Conjunto Podenco, Salina y Stef Ketteringham

Saturday, November 4, 2017 - 21:30
Madrid

Sujeto. Después de tantos años lo único que se atrevió a poner en ese fatídico informe fue “El sujeto”. Tenía nombre y apellidos, dudo que los haya olvidado. Fuimos exploradores de sábanas y cuerpos desnudos. Aprendimos la orografía de nuestra piel y sabíamos de memoria imperfecciones, placeres y cicatrices. Tatuamos nuestros nombres e intercambiamos nuestras almas y dudo que ya no lo recuerdes, aunque ahora sea sólo un sujeto al que certificas su propia muerte.

Inventamos nuestro propio lenguaje. Una mezcla de símbolos y ficciones. Figuras geométricas juntando el pulgar y el índice de nuestras manos. 

Si juntábamos el pulgar y el índice de cada mano formarían dos círculos que, al juntarse, recrearían el infinito de un día inesperado. Ese sería nuestro veredicto para el concierto de Stef Ketteringham. Nos miraríamos incrédulos y juntaríamos los círculos para expresar que aquello era inabarcable. Estaríamos demasiado lejos para comprenderlo y demasiado cerca para no sentir su desesperada desesperación.

Si en cambio juntamos nuestros dedos índices y los pulgares, rectos, formaríamos un rectángulo imperfecto. Los pulgares tratarían de llegar aunque no lo conseguirían. Son mucho más pequeños que los índices. Era el beso nostálgico de la distancia contra el beso desapercibido de todos los días. La lucha inadvertida del que todo lo tiene y nunca se da cuenta. Hasta que un noche de invierno cualquiera desaparece, sin más. Y ese sería lo que dirían nuestros pulgares que rabiarían nostalgia en el concierto de Salina.

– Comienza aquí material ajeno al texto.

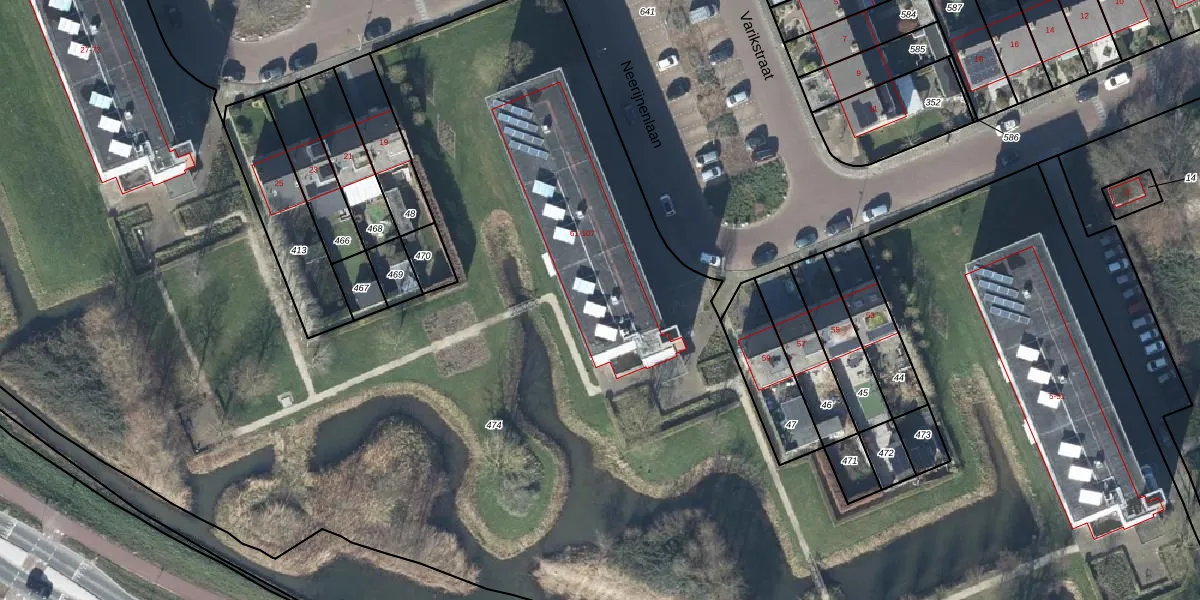 Het perceel waarop Neerijnenlaan 75 staat heeft een oppervlakte van 1,5 ha. Dit is een zeer groot perceel. De perceeloppervlakte wordt geregistreerd door het Kadaster. Gedetailleerde informatie over de maten van dit perceel kunt u vinden in het rapport Kadastrale kaart met maatvoering van Neerijnenlaan 75.

Pero hay un milagro que siempre nos reservábamos. Y era cuando los pulgares al final se encuentran y los índices se elevan. Formarían un triángulo primero, pero lo pulgares, unidos para siempre, quieren acercarse y se tuercen en la imagen de un corazón invertido. Y ese era nuestro secreto pera los que nos llevaban a una dimensión de tres vértices. Tu, yo y la complicidad de nuestra propia euforia. La locura premeditada que nos lleva al edificio más alto para asegurar que la caída del día después no tenga dudas de nuestra muerte.  Y nos reservaríamos nuestro gesto complice póstumo para Conjunto Podenco. 

Ahora soy el sujeto. 

Ya no hay luces de cabaret, sólo una grande que cuelga del techo.

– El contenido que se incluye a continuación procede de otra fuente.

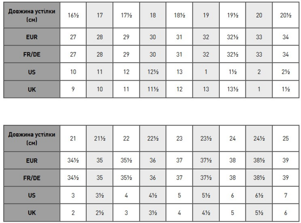 | Длина ступни, см | 25 |
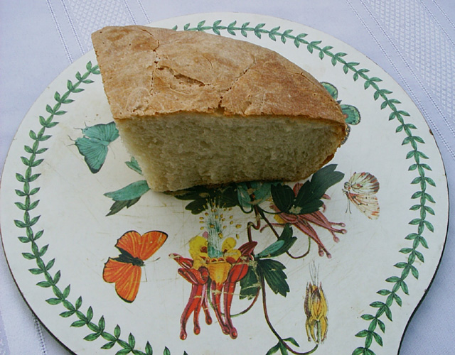 Notes The "panelle di pane" in the photo was made by Mrs. Adelaide Palazzo. The first-generation immigrant who grew up in Guardialfiera in the 1930s notes that pizza and bread dough at that time were made exactly the same way. Their one difference was their shape.... Apparently, prior to World War II in some parts of Molise (e.g. Casacalenda), it was customary to add a bit of boiled potatoes to the dough, but in Guardialfiera this addition was frowned upon. Apparently, in Guardialfiera, adding boiled potatoes to the dough was thought of as being a desperate act of poor people (Those who did not have enough wheat to make bread the proper way). However, in other towns (e.g. Casacalenda) adding potatoes to the dough was perceived as a way of extending the shelf-life of the bread, and making it tastier! So, while most people in the region of Molise made very similar types of bread, it seems whether or not cooks added boiled potatoes to the dough depended on the local tradition of any given town or village. Mrs. Adelaide Palazzo believes that her town made better bread than any other town in Molise because the fields around Guardialfiera were more fertile and therefore grew the best wheat in the region. However, this attitude is not necessarily shared by those who come from other areas of Molise. In fact, Mrs. Giovanna Melfi (Mary Melfi's mother), a native of Casacalenda, highly disputes the idea that Guardialfiera grew the best wheat in the region and had the best-tasting bread. In any case, both Mrs. Melfi and Mrs. Palazzo do agree on the more essential point -- bread made from wheat was [and is] superior to bread or pizza made from corn. Both women (Why the whole of Molise!) have a strong prejudice against breads or pizzas made with corn. One can safely say that the majority of individuals who grew up in Molise in the 1930s think of "pizza di grandino" as the food "of the poor." Back then one would eat "pizza di grandino," corn pizza, or polenta out of necessity, and never out of choice. Apparently, prior to World War II the poorest of the poor often reserved "white" bread or "panelle Molisana" for Sundays and other special occasions. Why even pasta (which also required wheat) was reserved for Sundays and special occasions. Because Mrs. Palazzo grew up in a relatively well-to-do household her family made "panelle Molisana" for everyday consumption. The only time her family didn't have white bread on hand was during World War II when the Germans stole their bags of flour. However, in poorer families (like at Mrs. Melfi's) pizza di grandino was served day in and day out -- sometimes even on Sundays! Nowadays, the majority of Italian North Americans don't think of "panelle Molisana" as a specialty bread. It's just a loaf of country-style Italian bread (Like, it's no big deal). Few Italian-North Americans appreciate how back in the old country anything made with wheat (including pasta) was revered. Back then, in poorer families, the amount of wheat used to make pasta or bread was often rationed. For everyday consumption cornmeal had to be made use of, like it or not. Second generation Italian-North Americans will often go to the ends of the earth (Or, at least across town) to purchase the best tasting Italian bread they can get their hands on, but few will make it at home (Too much trouble!).... Photo: Mary Melfi. |

Ya no hay una cama, ni un edredón que caliente nuestros sueños, sólo una camilla metálica con un agujero negro que se lleva hasta el último aliento. 

Ya no un cielo que nos proteja, sólo la oscuridad del olvido encerrada en una bolsa de plástico.

Ya ni siquiera recuerdas mi nombre, sólo soy un sujeto más en un informe que certifica mi muerte, una noche de invierno cualquiera de hace más de veinte años.